Longitudinal Statistics
LME Matlab tools. Author: Jorge Luis Bernal Rusiel, 2012. jbernal[at]nmr.mgh.harvard.edu or jbernal0019[at]yahoo.es
If you use these tools in your analysis please cite:
Bernal-Rusiel J.L., Greve D.N., Reuter M., Fischl B., Sabuncu M.R., 2012. Statistical Analysis of Longitudinal Neuroimage Data with Linear Mixed Effects Models, NeuroImage, doi:10.1016/j.neuroimage.2012.10.065.
These Matlab tools are freely distributed and intended to help neuroimaging researchers when analysing longitudinal neuroimaging (LNI) data. The statistical analysis of such type of data is arguable more challenging than the cross-sectional or time series data traditionally encountered in the neuroimaging field. This is because the timing associated with the measurement occasions and the underlying biological process under study are not usually under full experimental control.
There are two aspects of longitudinal data that require correct modeling: The mean response over time and the covariance among repeated measures on the same individual. I hope these tools can serve for such modeling purpose as they provide functionality for exploratory data visualization, model specification, model selection, parameter estimation, inference and power analysis including sample size estimation. They are specially targeted to be used with Freesurfer's data but can be used with any other data as long as they are loaded into Matlab and put into the appropriate format. Here are some recommendations about how to use these tools.
The LME Matlab tools will be available as part of the upcoming FreeSurfer v5.2 release. They are currently included as part of the nightly dev build which can be found here. Alternatively, a standalone copy of the LME Matlab tools can be downloaded here(538 KB). An optional sample dataset which can be used to become familiar with the LME Matlab tools can be found here(485 MB).
Contents
Preparing your data
There are two types of analyses that can be done: univariate and mass-univariate. The first step is to load your data into Matlab. If you are working with Freesurfer then univariate data (eg. Hippocampus' volume) can be loaded using Qdec tables. There are, under the Qdec directory, some simple example scripts for reading and writing Freesurfer's Qdec tables.

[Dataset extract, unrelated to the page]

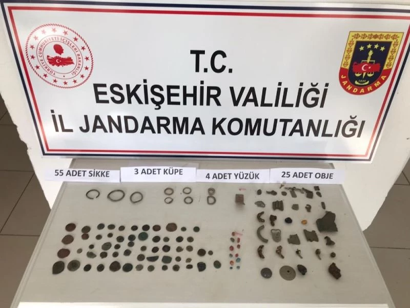 Eskişehir İl Jandarma Komutanlığı ekipleri tarafından düzenlenen operasyonda bir şüpheli, Roma dönemine ait çok sayıda tarihi eserle birlikte yakalandı.

In order to read mass-univariate data you should use the following scripts:
fs_read_label.m
fs_read_surf.m
fs_read_Y.m
The last two depend on Freesurfer's scripts so you need to have installed Freesurfer software package and included the Freesurfer's matlab subdirectory in your Matlab's search path.
Previously, the mass-univariate data can be generated in Freesurfer by running variants of the following commands:
mris_preproc --qdec qdec.table.dat --target study_average --hemi lh --meas thickness --out lh.thickness.mgh (assembles your thickness data into a single lh.thickness.mgh file)
mri_surf2surf --hemi lh --s study_average --sval lh.thickness.mgh --tval lh.thickness_sm10.mgh --fwhm-trg 10 --cortex --noreshape (smooths the cortical thickness maps with FWHM=10 mm. Note the --cortex and --noreshape options)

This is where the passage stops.